By Glen Frost, Managing Partner and Mary Lundstedt, Esq., Associate The Comptroller’s Field Enforcement Division and the Criminal Investigations Division of the Maryland Attorney General’s Office, working in tandem, investigated and prosecuted two more Maryland tax preparers—resulting in guilty pleas. On July 24, 2018, Maryland Attorney General Brian E. Frosh and Comptroller Peter Franchot announced that two tax preparers operating in the Baltimore area pleaded guilty to filing false tax returns.Both Maryland officials report that, Michael Anegbode, pleaded guilty to three counts of filing false income tax returns. Anegbode was sentenced to three years’ probation and ordered to pay restitution in the amount of $48,808. Uwagbale Oigbokie pleaded guilty to two counts of filing false tax returns. He faces two years’ probation and must pay $81,712 in restitution.According to officials, these preparers cheated on two levels.

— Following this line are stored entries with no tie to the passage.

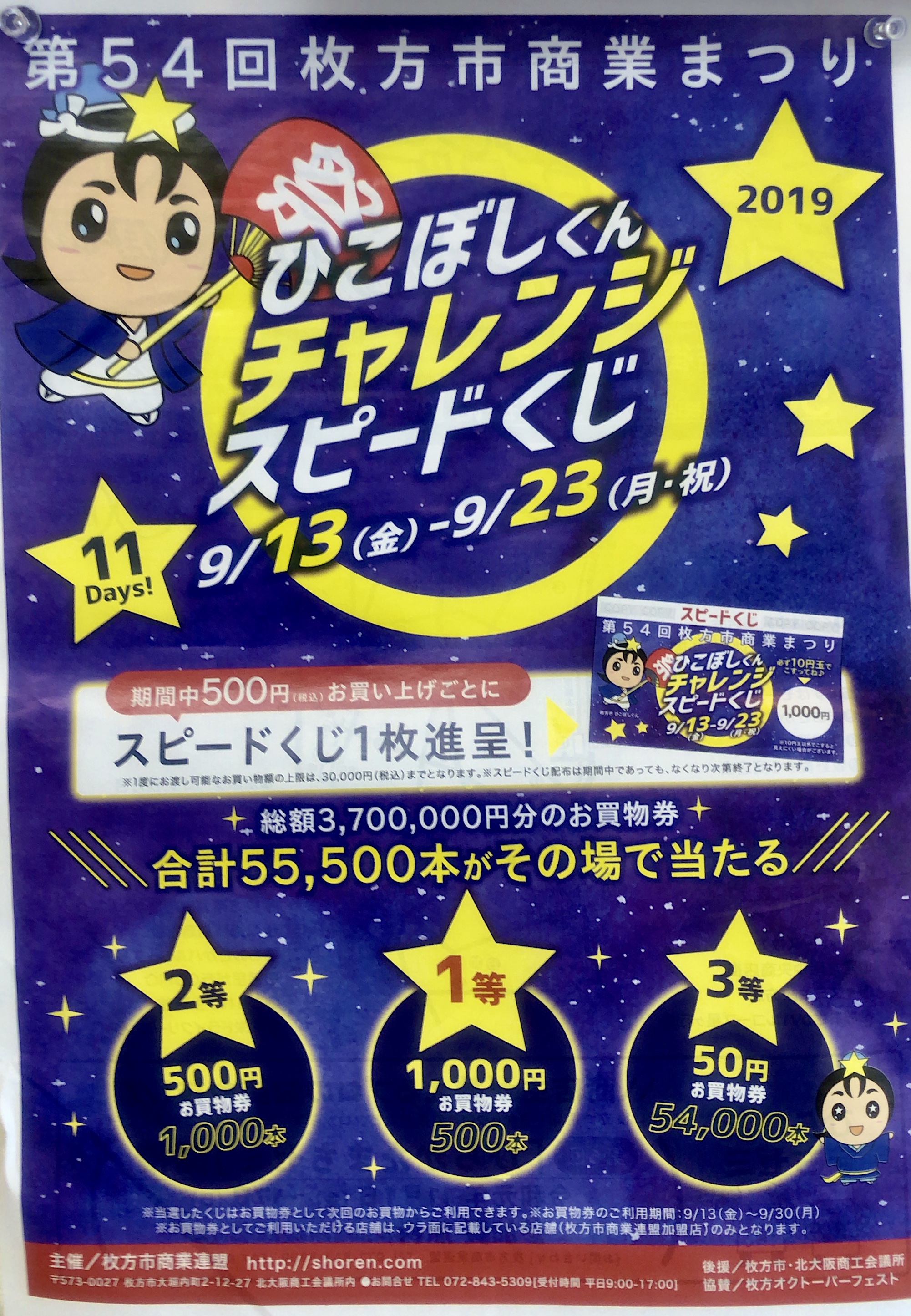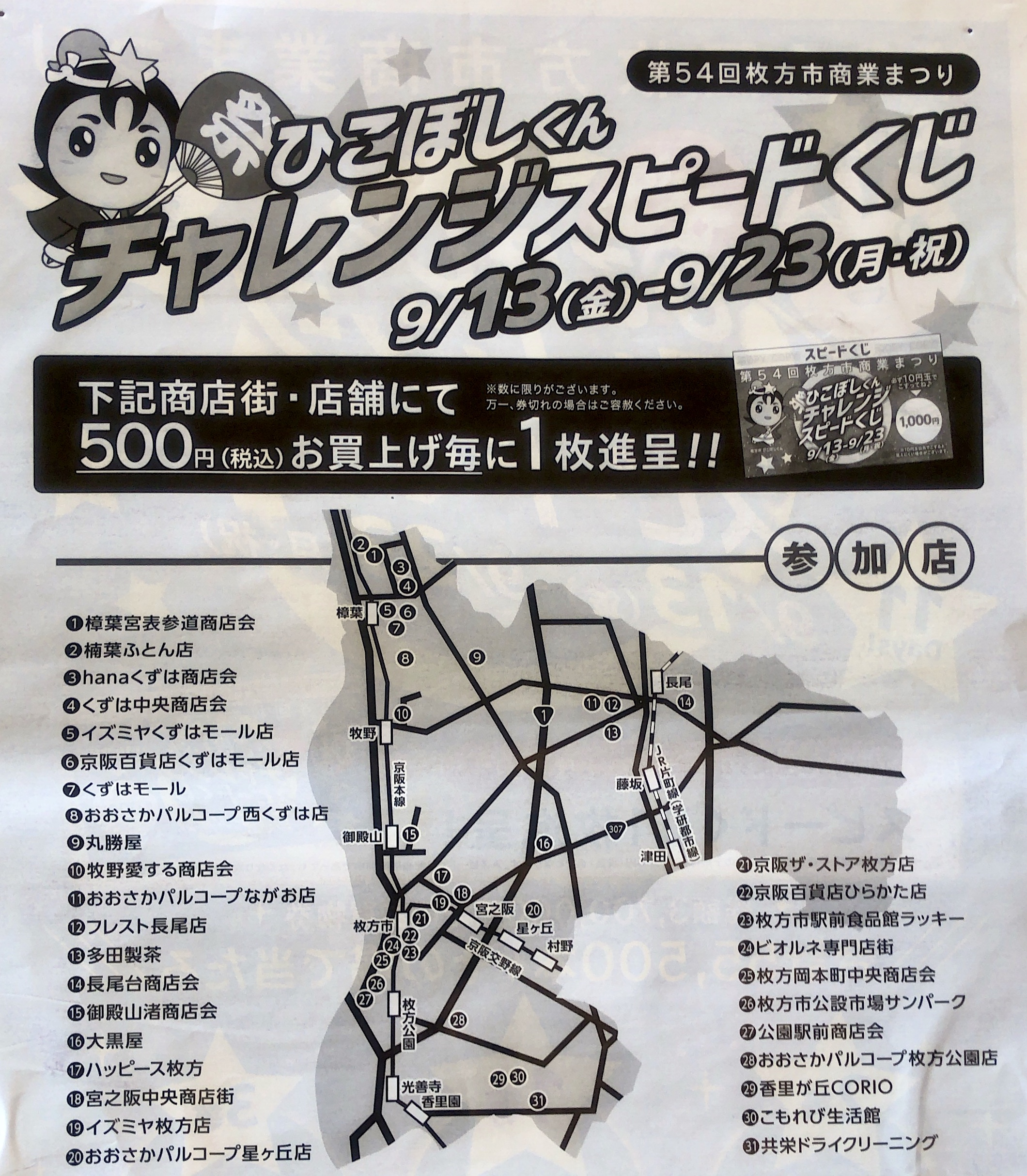 枚方市商業連盟主催で、本日より「ひこぼし君チャレンジスピードくじ」が始まりました! 500円お買い上げで1枚進呈。 1等 1,000円のお買い物券など。 加盟店は2枚目の画像ご覧ください。 枚数に限りがあり、早期に終了する場合があります。
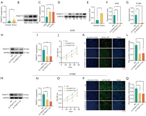 qPCR analysis revealed that PKMYT1 expression was significantly higher in LUAD cells compared to normal cells (Figure 10A, P<0.01). Western blot analysis of LUAD cell lines confirmed the upregulation of PKMYT1 at the protein level (Figure 10B,10C, P<0.01). To further validate this finding in patient-derived materials, we performed Western blot analysis on a subset of 39 paired LUAD clinical specimens. Detailed clinicopathological characteristics of these tissue samples are provided in table available at https://cdn.amegroups.cn/static/public/tcr-2025-1640-1.xlsx. The results confirmed that PKMYT1 protein expression was significantly higher in tumor tissues compared to their matched adjacent normal tissues (P<0.05, Figure 10D,10E). Upon knockdown of PKMYT1 using siRNA, its mRNA level was significantly reduced in A549 cells (Figure 10F, P<0.05) and H1299 cells (Figure 10G, P<0.05). The protein levels were correspondingly decreased in A549 cells (Figure 10H,10I, P<0.05). PKMYT1 knockdown significantly inhibited the proliferation of A549 cells (CCK-8 assay, Figure 10J, P<0.05), which was further confirmed by EdU assays (Figure 10K,10L, P<0.05). Similarly, the protein levels were decreased in H1299 cells (Figure 10M,10N, P<0.05). The proliferation of H1299 cells was also inhibited (CCK-8 assay, Figure 10O, P<0.05), as confirmed by EdU assays (Figure 10P,10Q, P<0.05).
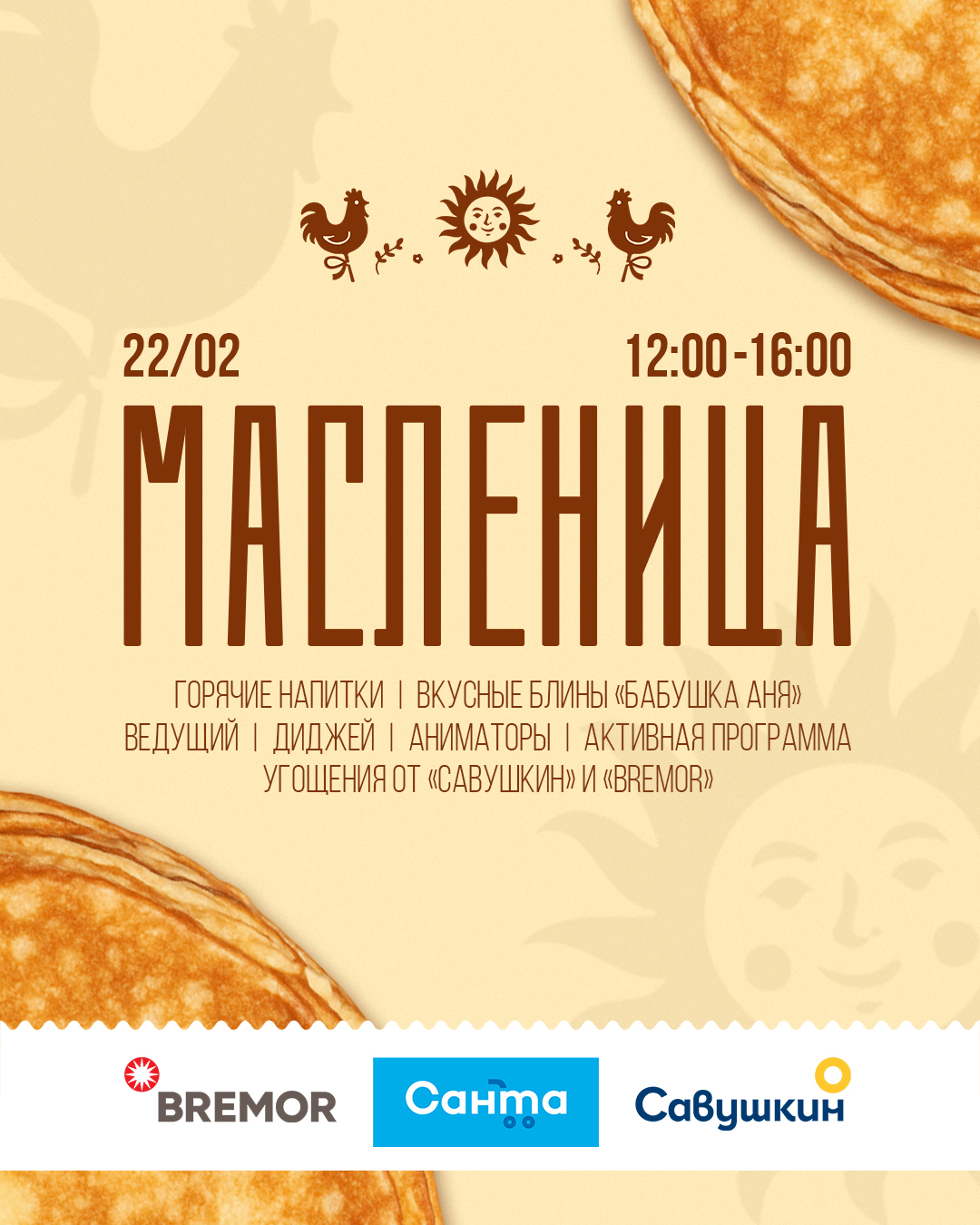 С 12:00 до 16:00 всех гостей будут бесплатно угощать ароматными блинами с начинками на любой вкус от компании BREMOR, сладостями от «Савушкина» и горячим ягодным морсом. Желающие смогут приять участие и в чайной дегустацией от Tess.

First, they prepared returns for their clients which included false information in order to minimize their clients’ tax liability and increase their refunds. Next, the preparers filed false personal income tax returns for themselves—omitting fees which they earned by preparing and filing their clients’ false returns. Attorney General Frosh, stated:"They cheated twice. They falsely understated the taxes owed by their clients, and then they did not report the fees that they earned themselves."In recent years, the Comptroller’s office has increased its efforts to combat tax fraud. Maryland’s Taxpayer Protection Act of 2017 expanded the role of the Comptroller’s Field Enforcement Bureau by adding admissions and amusement tax, income tax, and sales and use tax to the list of laws within enforcement agents’ jurisdiction. Furthermore, the Comptroller now regularly publishes and updates lists—on its publicly accessible website—of suspended tax preparers. Listed tax preparers are suspended from their return filing privileges upon the Comptroller’s finding that it has received a "high volume of questionable returns" from the preparers. In February of 2018, Comptroller Franchot stated:"My top-notch Questionable Return Detection Team is vigilant in rooting out returns that try to cheat the state and steal money from hardworking Marylanders."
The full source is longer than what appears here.